Tips to try in your classroom.

Children learn from modeling.

  • Read aloud to your students for at least 15 minutes daily.
  • For emerging readers, read large charts and books while pointing to the words.
  • For nonfluent readers, read a short passage aloud a few times while the children follow along in their books.
  • Provide books on CD or online that allow students to listen and follow along.

Allow students to bring out their natural interest in reading.

  • Have a variety of people read to students.
  • Provide a wide range of reading materials.
  • Form book clubs that meet regularly.
  • Encourage students to discuss their favorite books, characters, and events.

Make learning to read fun.

  • Set up cozy reading areas with rugs and pillows.
  • Provide time for students to read with friends.
  • Give students opportunities to practice passage before reading in a group.
  • Allow students to choose how they will demonstrate what they've read—by discussion, drawing, or pantomime, for example.

Good readers spend time practicing.

  • Be sure that children take books home to read.
  • Set aside specific, uninterrupted reading periods during the school day.
  • Sponsor book exchanges that allow children to trade books.

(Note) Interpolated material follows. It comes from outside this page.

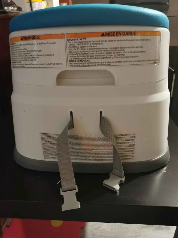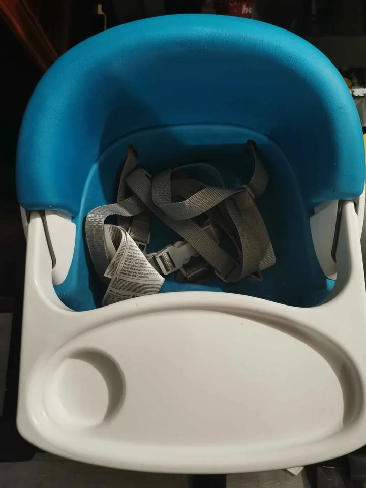 Clean Ingenuity baby booster seat. White and blue color. Has a removable tray and safety straps. Great for feeding time or just keeping little one secure.
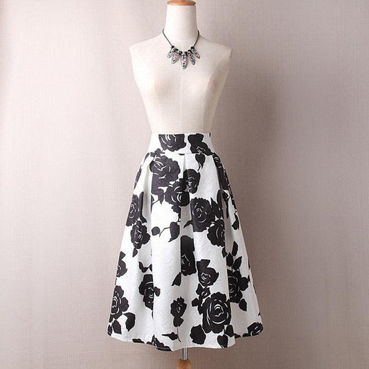 Women Peach Floral Print Elastic High Waist Pleated Skirt - Long Midi Skater Skirt - Spring New Summer Clothes

Challenge students with high-level reading materials that stretch their abilities without being discouraging students.

  • Read aloud challenging materials and thought-provoking questions—questions that focus on predicting or interpreting the behavior of characters in a story, for example.
  • Provide real situations that challenge children's thinking, such as having a toy sale or planning a trip.
  • Model high-level thinking by showing students how to think out loud about questions relating to something that they've read.
  • Have students design their own high-level questions to ask other students.